(ASSIGNMENT): Locate the word "delicate" in the data below, then copy every line that holds it.
= Beginning of Section =
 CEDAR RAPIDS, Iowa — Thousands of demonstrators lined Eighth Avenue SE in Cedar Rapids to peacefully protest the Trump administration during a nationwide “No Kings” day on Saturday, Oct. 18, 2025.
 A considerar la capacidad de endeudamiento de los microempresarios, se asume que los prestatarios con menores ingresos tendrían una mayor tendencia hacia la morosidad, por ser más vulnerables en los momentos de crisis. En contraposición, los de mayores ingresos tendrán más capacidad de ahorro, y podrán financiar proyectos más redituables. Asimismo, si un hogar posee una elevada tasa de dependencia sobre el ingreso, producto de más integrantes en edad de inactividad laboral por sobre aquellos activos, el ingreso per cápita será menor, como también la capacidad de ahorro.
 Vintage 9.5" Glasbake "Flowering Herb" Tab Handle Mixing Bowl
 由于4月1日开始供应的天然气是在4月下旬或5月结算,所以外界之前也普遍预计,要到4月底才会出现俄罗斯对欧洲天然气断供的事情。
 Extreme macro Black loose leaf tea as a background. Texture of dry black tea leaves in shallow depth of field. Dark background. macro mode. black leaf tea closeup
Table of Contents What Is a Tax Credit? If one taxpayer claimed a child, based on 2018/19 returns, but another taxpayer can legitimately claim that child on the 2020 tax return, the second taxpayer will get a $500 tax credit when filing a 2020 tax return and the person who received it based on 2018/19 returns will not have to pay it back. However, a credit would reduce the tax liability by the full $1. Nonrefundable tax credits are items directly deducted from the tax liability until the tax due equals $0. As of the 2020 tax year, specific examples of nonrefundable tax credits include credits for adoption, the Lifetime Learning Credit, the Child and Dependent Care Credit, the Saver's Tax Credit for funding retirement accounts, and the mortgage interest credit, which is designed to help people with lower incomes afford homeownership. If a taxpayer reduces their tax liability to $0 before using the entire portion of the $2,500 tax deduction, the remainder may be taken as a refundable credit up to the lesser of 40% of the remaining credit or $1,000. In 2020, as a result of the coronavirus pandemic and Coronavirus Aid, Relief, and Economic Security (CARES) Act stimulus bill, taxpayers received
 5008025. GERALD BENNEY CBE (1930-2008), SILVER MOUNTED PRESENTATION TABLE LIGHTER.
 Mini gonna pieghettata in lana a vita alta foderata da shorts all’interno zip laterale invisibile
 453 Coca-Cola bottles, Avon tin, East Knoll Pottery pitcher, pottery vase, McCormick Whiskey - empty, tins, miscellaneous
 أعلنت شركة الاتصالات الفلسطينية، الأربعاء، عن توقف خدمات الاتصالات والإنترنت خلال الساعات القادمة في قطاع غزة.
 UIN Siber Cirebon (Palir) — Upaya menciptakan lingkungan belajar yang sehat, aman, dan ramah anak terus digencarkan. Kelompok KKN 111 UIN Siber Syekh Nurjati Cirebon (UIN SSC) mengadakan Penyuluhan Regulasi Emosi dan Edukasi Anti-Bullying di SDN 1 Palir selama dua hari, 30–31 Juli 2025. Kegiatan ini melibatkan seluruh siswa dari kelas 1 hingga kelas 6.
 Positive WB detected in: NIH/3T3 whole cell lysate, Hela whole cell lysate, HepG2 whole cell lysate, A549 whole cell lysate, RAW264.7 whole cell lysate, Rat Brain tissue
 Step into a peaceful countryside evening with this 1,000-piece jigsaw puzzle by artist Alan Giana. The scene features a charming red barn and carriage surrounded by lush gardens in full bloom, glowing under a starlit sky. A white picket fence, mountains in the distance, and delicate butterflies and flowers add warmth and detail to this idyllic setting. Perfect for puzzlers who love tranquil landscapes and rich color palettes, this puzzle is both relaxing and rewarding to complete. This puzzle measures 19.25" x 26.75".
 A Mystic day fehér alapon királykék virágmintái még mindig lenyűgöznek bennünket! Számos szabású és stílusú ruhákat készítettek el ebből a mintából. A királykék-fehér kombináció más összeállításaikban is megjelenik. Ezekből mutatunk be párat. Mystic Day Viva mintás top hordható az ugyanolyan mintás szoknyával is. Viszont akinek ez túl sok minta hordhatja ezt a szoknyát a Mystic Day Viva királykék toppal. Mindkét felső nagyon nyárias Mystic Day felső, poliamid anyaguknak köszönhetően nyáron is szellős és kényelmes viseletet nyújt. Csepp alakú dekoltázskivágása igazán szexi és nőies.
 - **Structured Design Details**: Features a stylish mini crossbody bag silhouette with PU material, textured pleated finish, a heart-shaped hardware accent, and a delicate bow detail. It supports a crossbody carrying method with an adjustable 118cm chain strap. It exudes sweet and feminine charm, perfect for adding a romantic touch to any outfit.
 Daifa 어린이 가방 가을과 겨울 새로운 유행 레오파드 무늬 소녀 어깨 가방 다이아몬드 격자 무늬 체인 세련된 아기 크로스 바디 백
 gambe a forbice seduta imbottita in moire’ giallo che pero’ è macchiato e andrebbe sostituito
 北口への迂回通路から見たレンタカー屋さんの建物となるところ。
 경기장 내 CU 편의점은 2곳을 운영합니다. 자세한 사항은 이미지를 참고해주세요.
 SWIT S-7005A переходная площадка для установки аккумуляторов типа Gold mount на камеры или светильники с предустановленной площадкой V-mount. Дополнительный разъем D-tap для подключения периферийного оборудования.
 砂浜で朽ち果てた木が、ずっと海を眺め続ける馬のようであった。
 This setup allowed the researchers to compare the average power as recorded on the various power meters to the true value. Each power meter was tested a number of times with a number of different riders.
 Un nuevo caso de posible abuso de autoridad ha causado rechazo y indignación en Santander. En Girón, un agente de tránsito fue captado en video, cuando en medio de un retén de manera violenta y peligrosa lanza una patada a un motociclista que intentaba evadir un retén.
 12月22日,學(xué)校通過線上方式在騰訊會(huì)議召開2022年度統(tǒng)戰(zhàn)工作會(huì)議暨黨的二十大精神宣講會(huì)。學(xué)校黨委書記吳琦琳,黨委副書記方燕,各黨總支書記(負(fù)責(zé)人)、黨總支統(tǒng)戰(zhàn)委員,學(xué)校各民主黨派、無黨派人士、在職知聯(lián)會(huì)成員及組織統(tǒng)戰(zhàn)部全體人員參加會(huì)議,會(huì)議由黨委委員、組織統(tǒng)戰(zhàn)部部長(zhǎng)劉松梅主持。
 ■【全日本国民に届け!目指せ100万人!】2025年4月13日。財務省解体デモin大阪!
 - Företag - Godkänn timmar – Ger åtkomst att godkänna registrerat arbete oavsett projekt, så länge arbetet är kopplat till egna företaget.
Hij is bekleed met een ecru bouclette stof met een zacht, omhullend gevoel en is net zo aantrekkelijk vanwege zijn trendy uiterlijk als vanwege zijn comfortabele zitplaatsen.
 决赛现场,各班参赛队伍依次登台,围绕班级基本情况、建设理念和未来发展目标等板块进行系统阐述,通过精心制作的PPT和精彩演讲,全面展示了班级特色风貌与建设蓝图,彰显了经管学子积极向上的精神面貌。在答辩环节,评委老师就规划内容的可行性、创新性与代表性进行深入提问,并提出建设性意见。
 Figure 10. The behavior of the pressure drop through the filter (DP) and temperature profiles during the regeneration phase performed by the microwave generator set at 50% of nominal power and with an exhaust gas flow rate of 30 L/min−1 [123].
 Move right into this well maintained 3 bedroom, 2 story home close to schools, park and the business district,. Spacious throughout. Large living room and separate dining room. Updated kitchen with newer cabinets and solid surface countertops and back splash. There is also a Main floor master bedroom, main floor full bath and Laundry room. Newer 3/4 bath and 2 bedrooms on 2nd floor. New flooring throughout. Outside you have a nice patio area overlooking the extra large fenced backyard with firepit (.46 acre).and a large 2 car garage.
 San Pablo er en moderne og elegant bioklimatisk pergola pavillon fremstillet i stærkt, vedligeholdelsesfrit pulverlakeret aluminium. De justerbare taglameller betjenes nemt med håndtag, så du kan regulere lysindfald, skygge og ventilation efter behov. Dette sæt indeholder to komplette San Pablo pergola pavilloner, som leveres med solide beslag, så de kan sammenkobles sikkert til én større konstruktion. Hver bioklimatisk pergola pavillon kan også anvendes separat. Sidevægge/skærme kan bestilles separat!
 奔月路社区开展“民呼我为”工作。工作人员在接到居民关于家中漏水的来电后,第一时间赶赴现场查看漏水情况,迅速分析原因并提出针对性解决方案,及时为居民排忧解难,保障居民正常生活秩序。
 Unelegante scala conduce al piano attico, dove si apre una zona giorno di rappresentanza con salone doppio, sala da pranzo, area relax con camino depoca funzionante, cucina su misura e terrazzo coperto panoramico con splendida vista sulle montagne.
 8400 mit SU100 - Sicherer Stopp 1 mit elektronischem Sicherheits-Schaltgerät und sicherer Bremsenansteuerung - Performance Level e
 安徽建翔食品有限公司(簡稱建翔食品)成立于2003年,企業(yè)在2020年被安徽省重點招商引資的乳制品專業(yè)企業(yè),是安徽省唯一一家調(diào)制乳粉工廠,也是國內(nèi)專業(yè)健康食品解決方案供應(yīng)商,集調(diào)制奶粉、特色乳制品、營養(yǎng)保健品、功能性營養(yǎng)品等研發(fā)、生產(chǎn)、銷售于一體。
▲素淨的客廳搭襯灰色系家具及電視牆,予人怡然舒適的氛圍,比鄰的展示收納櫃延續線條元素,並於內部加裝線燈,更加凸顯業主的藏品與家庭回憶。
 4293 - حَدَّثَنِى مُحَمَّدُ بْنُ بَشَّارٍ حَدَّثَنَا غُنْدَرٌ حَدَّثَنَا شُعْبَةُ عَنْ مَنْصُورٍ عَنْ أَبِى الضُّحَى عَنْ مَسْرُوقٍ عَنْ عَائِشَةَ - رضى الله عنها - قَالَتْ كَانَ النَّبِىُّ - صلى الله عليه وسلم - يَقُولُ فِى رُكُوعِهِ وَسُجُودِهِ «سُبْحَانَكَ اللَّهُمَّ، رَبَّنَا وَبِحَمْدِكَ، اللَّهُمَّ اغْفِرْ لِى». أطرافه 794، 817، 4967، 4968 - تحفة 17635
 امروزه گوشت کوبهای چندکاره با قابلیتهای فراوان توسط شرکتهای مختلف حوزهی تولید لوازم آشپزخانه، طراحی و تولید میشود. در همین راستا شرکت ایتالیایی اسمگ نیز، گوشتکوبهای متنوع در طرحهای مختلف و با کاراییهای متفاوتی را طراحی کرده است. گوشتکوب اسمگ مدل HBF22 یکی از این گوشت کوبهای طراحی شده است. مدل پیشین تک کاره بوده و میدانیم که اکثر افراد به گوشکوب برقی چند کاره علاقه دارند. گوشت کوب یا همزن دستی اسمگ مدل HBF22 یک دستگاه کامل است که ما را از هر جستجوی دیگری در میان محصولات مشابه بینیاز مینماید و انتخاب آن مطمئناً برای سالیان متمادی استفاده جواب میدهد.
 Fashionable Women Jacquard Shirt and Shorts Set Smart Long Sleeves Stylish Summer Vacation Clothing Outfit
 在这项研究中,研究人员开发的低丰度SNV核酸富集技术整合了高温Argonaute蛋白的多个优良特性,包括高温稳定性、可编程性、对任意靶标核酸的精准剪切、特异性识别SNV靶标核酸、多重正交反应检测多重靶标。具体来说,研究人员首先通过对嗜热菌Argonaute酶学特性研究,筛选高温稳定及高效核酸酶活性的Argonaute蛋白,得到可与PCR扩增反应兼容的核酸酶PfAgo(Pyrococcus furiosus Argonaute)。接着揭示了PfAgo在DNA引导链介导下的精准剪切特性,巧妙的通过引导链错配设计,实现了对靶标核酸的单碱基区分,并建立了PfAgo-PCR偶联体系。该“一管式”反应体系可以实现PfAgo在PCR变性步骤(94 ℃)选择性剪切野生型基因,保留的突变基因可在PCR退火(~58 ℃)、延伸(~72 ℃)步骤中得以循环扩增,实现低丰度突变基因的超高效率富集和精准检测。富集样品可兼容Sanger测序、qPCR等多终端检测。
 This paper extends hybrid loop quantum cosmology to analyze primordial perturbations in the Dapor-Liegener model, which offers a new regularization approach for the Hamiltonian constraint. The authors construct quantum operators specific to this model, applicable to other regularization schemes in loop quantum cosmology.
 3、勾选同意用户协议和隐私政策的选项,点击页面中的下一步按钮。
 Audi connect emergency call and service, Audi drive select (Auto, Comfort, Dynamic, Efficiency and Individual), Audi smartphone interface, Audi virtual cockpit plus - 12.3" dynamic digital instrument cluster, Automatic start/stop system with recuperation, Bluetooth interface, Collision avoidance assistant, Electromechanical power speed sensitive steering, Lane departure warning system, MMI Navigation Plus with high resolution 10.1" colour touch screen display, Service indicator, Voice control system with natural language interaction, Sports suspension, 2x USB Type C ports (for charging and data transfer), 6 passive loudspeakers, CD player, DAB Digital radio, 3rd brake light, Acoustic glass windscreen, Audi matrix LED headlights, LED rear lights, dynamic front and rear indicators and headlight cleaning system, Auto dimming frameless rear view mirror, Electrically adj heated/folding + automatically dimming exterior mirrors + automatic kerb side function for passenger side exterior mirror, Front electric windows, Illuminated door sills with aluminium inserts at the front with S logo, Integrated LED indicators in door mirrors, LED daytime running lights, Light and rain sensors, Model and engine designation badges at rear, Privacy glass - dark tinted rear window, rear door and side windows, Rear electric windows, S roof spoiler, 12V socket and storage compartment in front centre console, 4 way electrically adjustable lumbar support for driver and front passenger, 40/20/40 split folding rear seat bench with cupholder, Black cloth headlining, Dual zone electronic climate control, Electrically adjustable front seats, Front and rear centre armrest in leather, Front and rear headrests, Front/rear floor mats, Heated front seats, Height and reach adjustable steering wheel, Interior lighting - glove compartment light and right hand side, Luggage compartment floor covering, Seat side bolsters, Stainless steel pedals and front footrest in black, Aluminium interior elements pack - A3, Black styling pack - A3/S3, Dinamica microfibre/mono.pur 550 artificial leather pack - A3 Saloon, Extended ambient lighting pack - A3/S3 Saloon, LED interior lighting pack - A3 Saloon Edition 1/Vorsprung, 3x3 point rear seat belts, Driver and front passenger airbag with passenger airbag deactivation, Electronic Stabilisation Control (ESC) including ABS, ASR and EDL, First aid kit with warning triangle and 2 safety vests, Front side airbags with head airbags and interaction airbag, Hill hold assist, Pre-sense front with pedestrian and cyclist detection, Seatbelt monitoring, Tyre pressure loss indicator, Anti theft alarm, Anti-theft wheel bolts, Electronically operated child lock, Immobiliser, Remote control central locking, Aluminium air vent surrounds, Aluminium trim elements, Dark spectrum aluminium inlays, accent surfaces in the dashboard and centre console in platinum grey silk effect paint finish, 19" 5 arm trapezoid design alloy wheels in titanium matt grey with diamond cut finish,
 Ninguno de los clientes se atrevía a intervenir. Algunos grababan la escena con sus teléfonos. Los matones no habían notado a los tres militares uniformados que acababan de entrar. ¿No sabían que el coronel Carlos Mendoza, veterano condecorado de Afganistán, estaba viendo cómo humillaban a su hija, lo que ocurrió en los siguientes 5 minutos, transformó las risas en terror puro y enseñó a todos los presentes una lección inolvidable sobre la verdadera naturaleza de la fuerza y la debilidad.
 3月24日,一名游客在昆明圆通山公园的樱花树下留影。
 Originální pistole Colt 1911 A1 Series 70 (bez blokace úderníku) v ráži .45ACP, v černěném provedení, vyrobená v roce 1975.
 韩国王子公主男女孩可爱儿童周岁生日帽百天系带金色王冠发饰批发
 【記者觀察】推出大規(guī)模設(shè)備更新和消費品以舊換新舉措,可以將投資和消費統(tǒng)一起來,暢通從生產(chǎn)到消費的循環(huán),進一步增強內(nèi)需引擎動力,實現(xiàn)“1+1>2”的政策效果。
= End of Section =
(ANSWER TO THE PROBLEM):
 Step into a peaceful countryside evening with this 1,000-piece jigsaw puzzle by artist Alan Giana. The scene features a charming red barn and carriage surrounded by lush gardens in full bloom, glowing under a starlit sky. A white picket fence, mountains in the distance, and delicate butterflies and flowers add warmth and detail to this idyllic setting. Perfect for puzzlers who love tranquil landscapes and rich color palettes, this puzzle is both relaxing and rewarding to complete. This puzzle measures 19.25" x 26.75".
 - **Structured Design Details**: Features a stylish mini crossbody bag silhouette with PU material, textured pleated finish, a heart-shaped hardware accent, and a delicate bow detail. It supports a crossbody carrying method with an adjustable 118cm chain strap. It exudes sweet and feminine charm, perfect for adding a romantic touch to any outfit.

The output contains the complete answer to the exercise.